= Freight claim =

Legal demand against a shipment carrier

A freight claim or cargo claim is a legal demand by a shipper or consignee against a carrier in respect of damage to a shipment, or loss thereof.

Typically, the claimant will seek damages (financial compensation for loss), but other remedies include "specific performance", where the cargo-owner seeks delivery of the goods as agreed. At common law, any carrier has a duty to act with reasonable despatch. A "common carrier" may have strict liability, but normally the standard of care is only one of "due diligence", or acting "properly and carefully".

==Legal aspects==
The purpose of a freight claim is for the carrier to reimburse the shipper / consignee so as to put them in the position is if the carriage had been properly had carried out according to the bill of lading. For this reason, claimants are generally expected to file a claim to recover their costs, excluding profits. In very rare cases some profits may be recoverable, but a court will normally consider lost profits as non-recoverable economic loss.

In most cases, redress will be paid by the carrier's insurer or P&I Club, and so the law of insurance will determine quantum of damages. Loss is deemed either "total" (either "actual" or "constructive") or "partial". If the insurance policy is a "valued policy", the amount agreed is, in the absence of fraud, conclusive (except in cases of "constructive total loss", when the true market value prevails).

Under contract law, claimants are obliged to take reasonable measures to mitigate loss. For example, if the damaged product has retained some value, the carrier would only be required to pay for the difference between the original value and the damaged value. The claimant would then be free to salvage the damaged product by selling it at a reduced cost.

The consignee is entitled to inspect the goods, and to reject them if they are damaged or fail to comply with description. The inspection should take place at the first reasonable place and opportunity; this will often be at the consignee's depot or place of business. At the time of delivery, the consignee should examine the shipment for loss or damage, and should note any issues on the delivery receipt; this will be used as evidence to back up the claim.

If significant evidence of loss or damage is noticed on delivery, the consignee will be entitled to reject the shipment, and may also have the option to cancel the entire contract.

If the consignee signs off on the delivery receipt but the damage is concealed (or "latent" or "hidden") and is discovered only subsequently, a claim will still be allowed provided it is made within a reasonable time. In this case, the shipper or consignee must show that the damage was indeed caused by the carrier, rather than by the shipper or consignee.

The carrier will normally require the shipper to pay freight (the "shipment invoice") in advance; otherwise a"clean" bill of lading will not be issued, and the document will declare "Freight Not Paid". In the event of loss or damage, the consignee would file a freight claim against the carrier for (i) damages to cover the loss and (ii) reimbursement of any freight paid.
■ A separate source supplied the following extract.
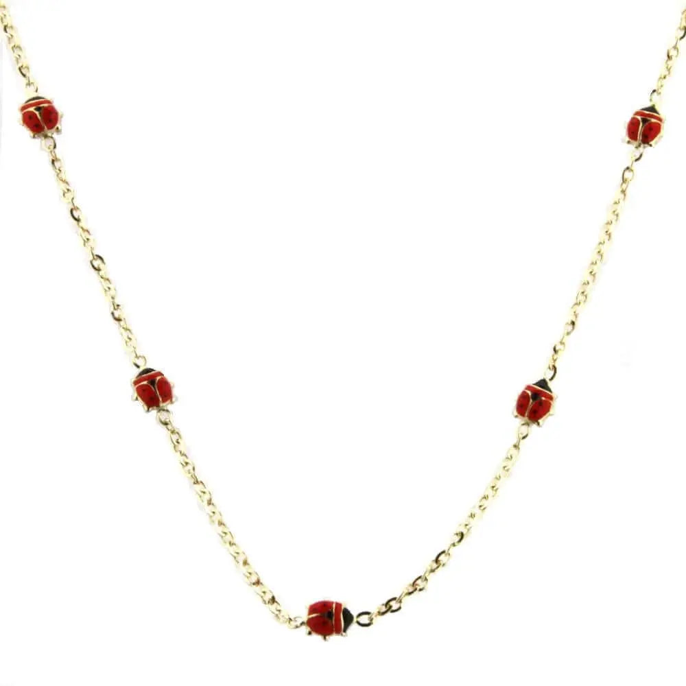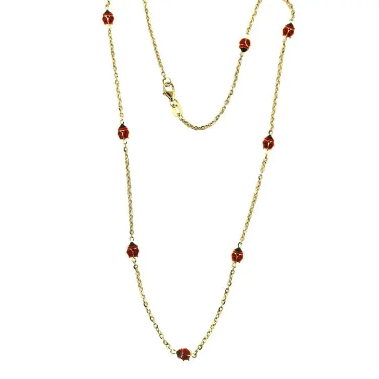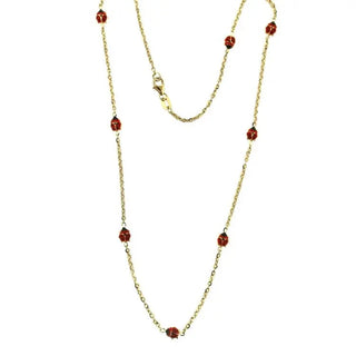 Experience the captivating beauty of our 18K Solid Yellow Gold Red Enamel In-line Ladybug Necklace , adorned with a delightful arrangement of eight charming ladybugs. Meticulously crafted in Italy using 18K hypoallergenic, lead, and nickel-free gold, this necklace showcases exceptional quality and style. Symbolizing the arrival of spring and renowned for bringing good luck, the ladybug is a cherished emblem of positivity. Designed for girls aged 13 years old and up 16 inches long, this enchanting necklace comes complete with an exquisite Amalia gift box and bag, making it a perfect gift choice. Embrace the joyful spirit and fortune associated with ladybugs, and let this exquisite necklace add a touch of whimsy and elegance to your ensemble.

The shipper will not be able to make any claim except as an agent of the consignee.

==Carrier liability==
The extent of the carrier's liability may depend upon the shipping mode and the governing bodies. The Carmack amendment states that motor or rail carriers are liable for the full loss. Conversely, the US COGSA states that the carrier is liable for no more than $500 per package.
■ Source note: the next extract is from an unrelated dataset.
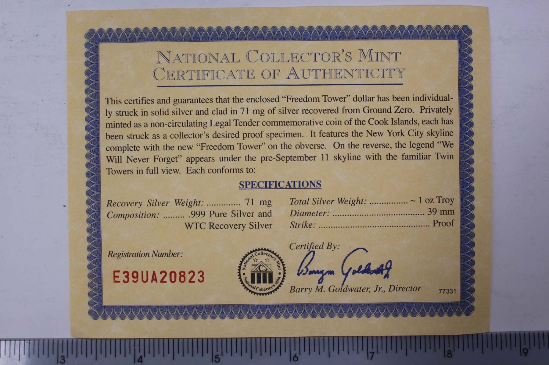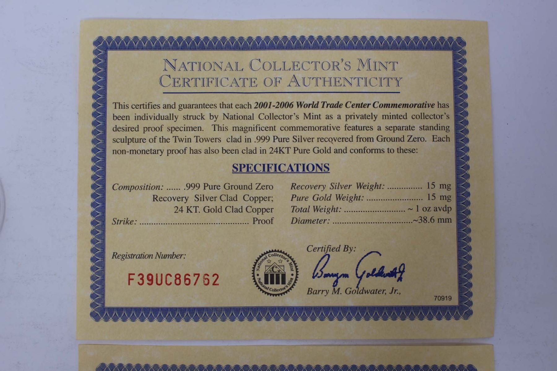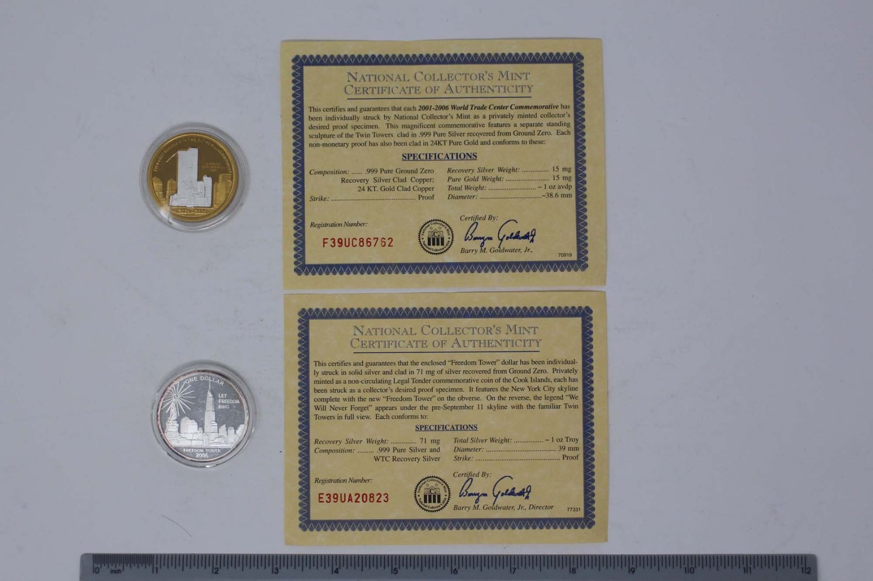 Gold 5th Anniversary WTC Commemorative Coin & Silver Freedom Tower Coin (Lot 2)

In the case of import/export transactions international conventions on limitation of liability may apply.

Article IV of the Hague-Visby Rules lists more than 17 exclusions of the carrier's liability. Other international conventions such as the Hague Rules, the Hamburg Rules and the Rotterdam Rules have similar provisions exempting liability.
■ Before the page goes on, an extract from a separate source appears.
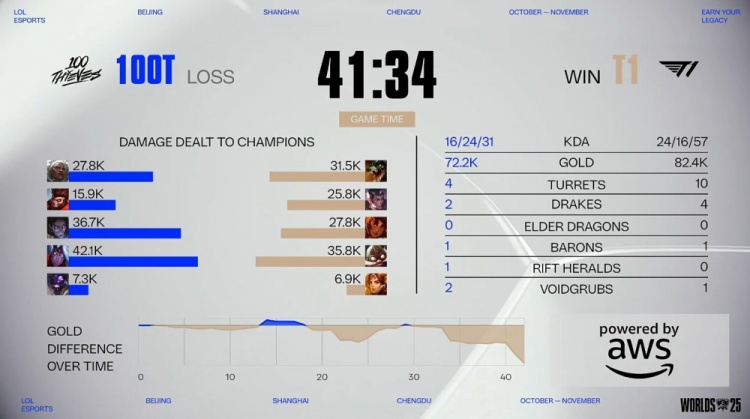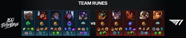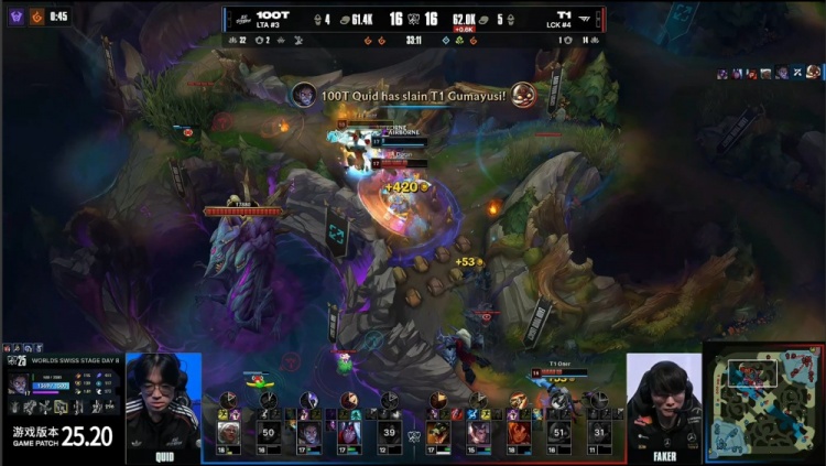 中期River猴子抢掉厄塔汗,但100T正面惨遭T1打出0换3,T1随后听牌火龙魂,Oner赵信河道被套虚弱遭100T强杀得手,100T拿到大龙但经济落后1k。

Perhaps the four main scenarios in which a carrier is not deemed liable for damage to goods are:
- Act of nature
- Act of the public enemy
- Fault of the shipper
- Defects in the goods themselves

==Filing a freight claim==

Each carrier typically provides a standard form specifically for filing freight claims. However, by law, no particular form is necessary, as long as the following four details are present:

- The shipment must be specified
- The loss or damage type must be specified
- The total of the amount claimed must be specified
- A clear demand for payment must be present

Information to identify the shipment may include the freight bill PRO #, the vehicle number, and the delivery date.

In addition to this basic information, the following documentation should also be provided:

- Shipment invoice
- Delivery receipt
- Bill of lading
- Invoice showing the value of the product being claimed
- Invoices for costs incurred (i.e. repairs or replacements of the product)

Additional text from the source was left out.